3.2. The Parallel System Performing the Prime Factorization of Integers

The general system theory allows us to see that periodic binary independent components of a parallel system cover multiplicatively all the positive integers larger than 1 with primes or integer powers of primes. Remarkably, the reliability of this parallel system, measuring the efficiency of the covering process, is given by Euler’s formula of the product of the reciprocals of the prime numbers.

A component system analyzes how well the natural numbers are covered by the prime number p in the multiplicative number theory. It examines sequentially, one by one, the set of positive integers. When the examined integer is the prime number p or one of its multiples, the search is a success; if not, the search is a failure. The structure function ${X}_{p}$ of such a component system takes on the value 1 (success) when the system finds the prime number p or one of its multiples, and the value 0 (failure) when the examined integer is not the prime number p or one of its multiples. The structure function ${X}_{p}$ is periodic, with the period of length p. In the first period, for instance, the structure function ${X}_{p}$ assigns the value 0 (failure) to the integer numbers $1,2,\cdots ,p-1$ , and the value 1 (success) to the last integer p from the first period. In the second period, the structure function ${X}_{p}$ assigns the value 0 (failure) to the integer numbers $p+1,p+2,\cdots ,2p-1$ , and the value 1 (success) to the last integer 2p from the second period. And so on.
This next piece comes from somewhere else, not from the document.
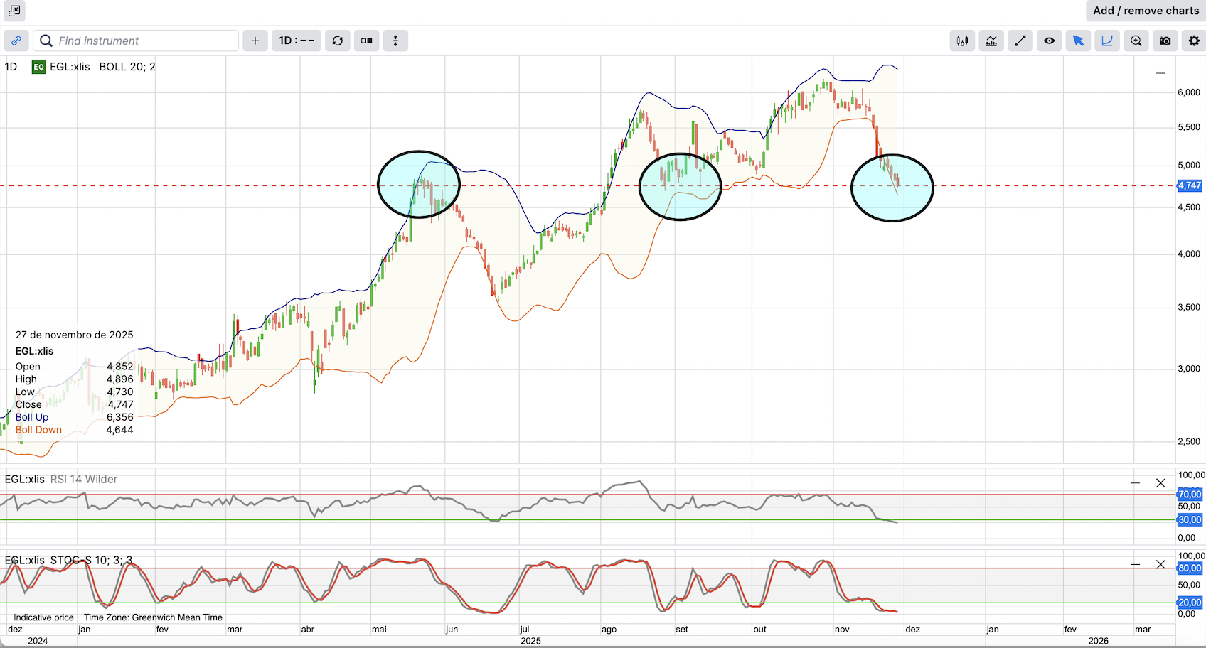 Sim, é bom ter cartuchos, mas não atiro antes das proximidades de 4.50. O RSI não está historicamente baixo e nunca houve tanta a posta a descoberto, portanto acredito que bate o histórico e o preço vai ao intervalo 4,50/4.60

Taking into account what happens in these periods, the structure function ${X}_{p}$ may be identified with a binary random variable whose value 1 (success) has the probability 1/p, and the possible value 0 (failure) has the probability $1-1/p$ .

${X}_{p}=\left(\begin{array}{cc}1& 0\\ \frac{1}{p}& 1-\frac{1}{p}\end{array}\right)$ .

Reliability of the component system with the structure function ${X}_{p}$ is the probability that the component system is successful, namely:

$R\left({X}_{p}\right)=P\left({X}_{p}=1\right)=\frac{1}{p}$ .

The number $R\left({X}_{p}\right)$ measures the efficiency of “covering” positive integers with the multiples of the prime number p. Probability that the component system fails to find a multiple of p is:

$1-R\left({X}_{p}\right)=P\left({X}_{p}=0\right)=1-\frac{1}{p}$ .

Let ${S}_{1}$ be the system obtained by joining in parallel the component systems $\left\{{X}_{p},p\in \mathbb{P}\right\}$ , where $\mathbb{P}$ is the set of prime numbers. The reliability of the parallel system ${S}_{1}$ is:

$R\left({S}_{1}\right)=P\left({S}_{1}=1\right)=1-{\displaystyle {\prod}_{p}\left[1-R\left({X}_{p}\right)\right]}=1-{\displaystyle {\prod}_{p}\left(1-\frac{1}{p}\right)}=1$ , (3)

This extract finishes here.